Rudolf Christoph Eucken (January 5, 1846September 15, 1926) was a German philosopher, and the winner of the 1908 Nobel Prize for Literature.

Biography

He was born in Aurich, Hanover (now Germany), and studied at Göttingen University and Berlin University. In 1871, after five years working as a school teacher, he was appointed Professor of Philosophy at the University of Basel, Switzerland. He stayed there until 1874 when he took up a similar position at the University of Jena, Germany in 1874. He stayed there until he retired in 1920. From 1913-1914 he served as guest lecturer at New York University. He married in 1882 and had a daughter and two sons. His son Walter Eucken became a famous founder of neoliberal thought in economics.

Eucken died in Jena at the age of 80.

His philosophy was based around human experience, maintaining that humans have souls, and that they are therefore at the junction between nature and spirit. He believed that people should overcome their non-spiritual nature by continuous efforts to achieve a spiritual life. He called this Ethical activism.

It seems as if man could never escape from himself, and yet, when shut in to the monotony of his own sphere, he is overwhelmed with a sense of emptiness. The only remedy here is radically to alter the conception of man himself, to distinguish within him the narrower and the larger life, the life that is straitened and finite and can never transcend itself, and an infinite life through which he enjoys communion with the immensity and the truth of the universe. Can man rise to this spiritual level?
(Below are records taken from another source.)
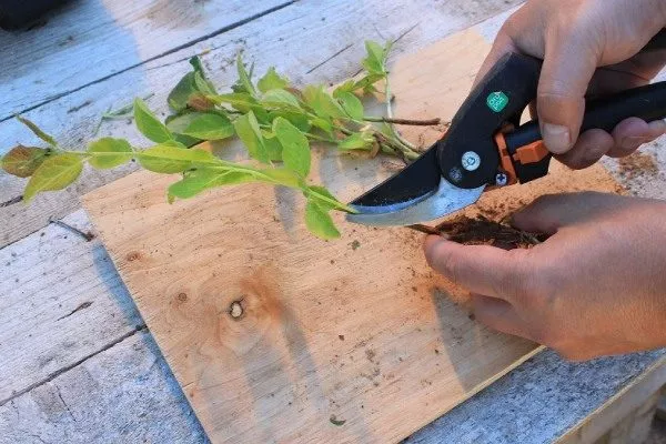 Приступайте к мероприятию в июле. Выберите молодой побег длиной около 30 см и разделите его на части с 4 листочками. Верхний срез делайте ровным, нижний – косым. Поместите заготовки на сутки в стимулятор роста, затем высадите в подготовленную почву и накройте плёнкой. Через 1,5 месяца пересадите на постоянное место.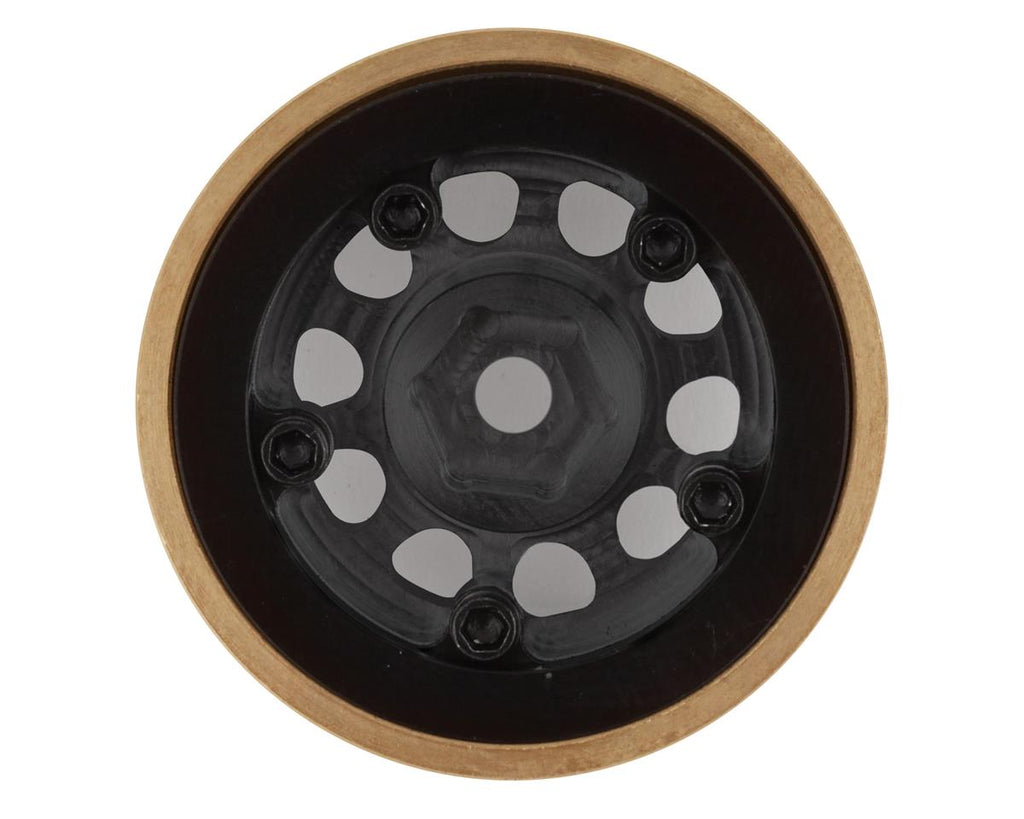SSD SCX24 1.0” Aluminum/Brass D Hole Wheels are a unique option for the SCX24 that combines stock wheel offset in a hybrid aluminum and brass beadlock configuration. Compatible with 1.0" size tires, these three piece wheels look incredible and are a great way to dress up your SCX24. Plus, the additional weight of the aluminum and brass design adds 24 grams of weight per wheel (96g for four wheels), and will help keep your mini rig stuck to the rocks when the trail gets technical. Package includes two wheels.
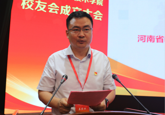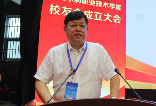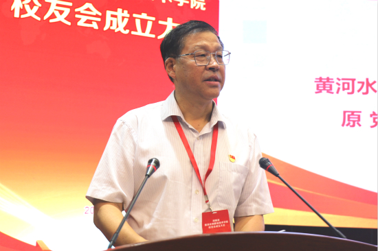 校友会会长赵国训讲话。他说,母校是校友成长的摇篮,更是校友心灵的港湾。黄河水院校友奋战在祖国的大河上下、大江南北,为国家经济社会的发展做出了重要贡献。他表示,校友会的成立架起了母校与校友沟通的桥梁,也搭建了校友之间联络感情的平台,更标志着学校校友工作迈入新的历史时期和发展阶段。校友会将继续秉承“联系校友、服务校友、宣传母校、奉献母校”的宗旨,团结带领广大校友,严格遵守《校友会章程》,构建更加完善的校友工作体系,积极推动建立健全各地校友会组织,大力建设特色鲜明的校友文化,积极开展各种校友活动畅通校友参与学校建设与发展的渠道,使校友会成为校友与母校间传递信息、交流经验、相互帮助、创造成果的重要平台,开创校友工作的新局面。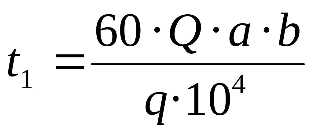 2) В случае проведения обработки заданной площади сплошным способом минутный расход рабочей жидкости q (л/мин) для выбранного такта движения t (с/м) определяют по формуле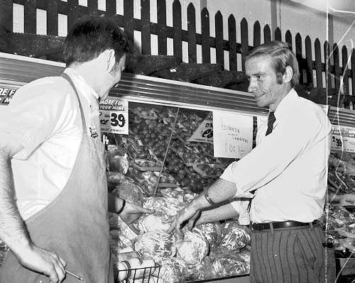 New on the job as of last week as manager of the St. Johns Kroger store is Bob Gemmill, right, pictured with Donald U. Thelen, head of produce.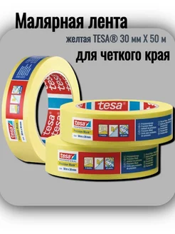 Малярная лента, скотч для четкого края 30х50м, Желтая 4334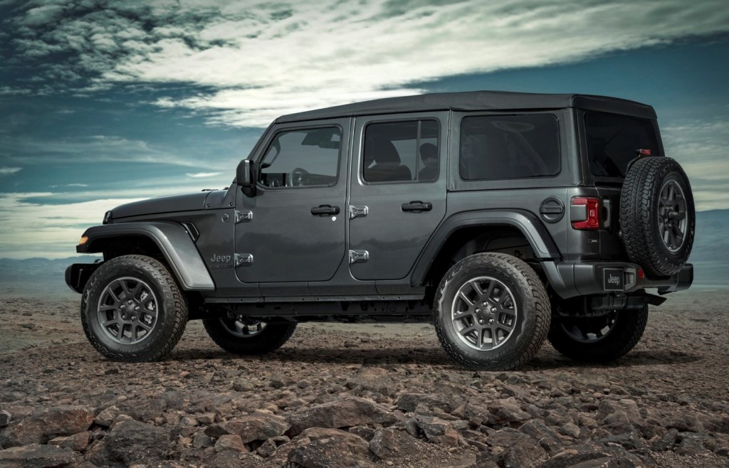 Jeep Wrangler 80th Anniversary estará disponible en Granite Crystal, Bright White, Hella Yella, Black, Firecracker Red, Sting Gray, Sarge y Snazzberry. Entre sus elementos se incluyen:

On the possibility of his doing so rests all our hope of supplying any meaning or value to life (R. C. Eucken, Der Sinn und Wert des Lebens, p. 81).

Major works

He was a prolific writer; his best-known works are:

  • Die Lebensanschauungen der großen Denker (1890) (The Problem of Human Life as Viewed by the Great Thinkers)
  • Der Kampf um einen geistigen Lebensinhalt (1896) (The Struggle for a Spiritual Content of Life),
  • Der Wahrheitsgehalt der Religion (1901) (The Truth of Religion),
  • Grundlinien einer neuen Lebensanschauung (1907) (Life's Basis and Life's Ideal: The Fundamentals of a New Philosophy of Life),
  • Der Sinn und Wert des Lebens (1908) (The Meaning and Value of Life)
  • Geistige Strömungen der Gegenwart (1908) (Main Currents of Modern Thought)
  • Können wir noch Christen sein? (1911) (Can We Still Be Christians?).
  • Present Day Ethics in their Relation to the Spiritual Life (1913) (Deem Lectures given at New York University)
  • Der Sozialismus und seine Lebensgestaltung (1920) (Socialism: an Analysis)

He delivered lectures in England in 1911 and spent six months lecturing at Harvard University and elsewhere in the United States in 1912–1913.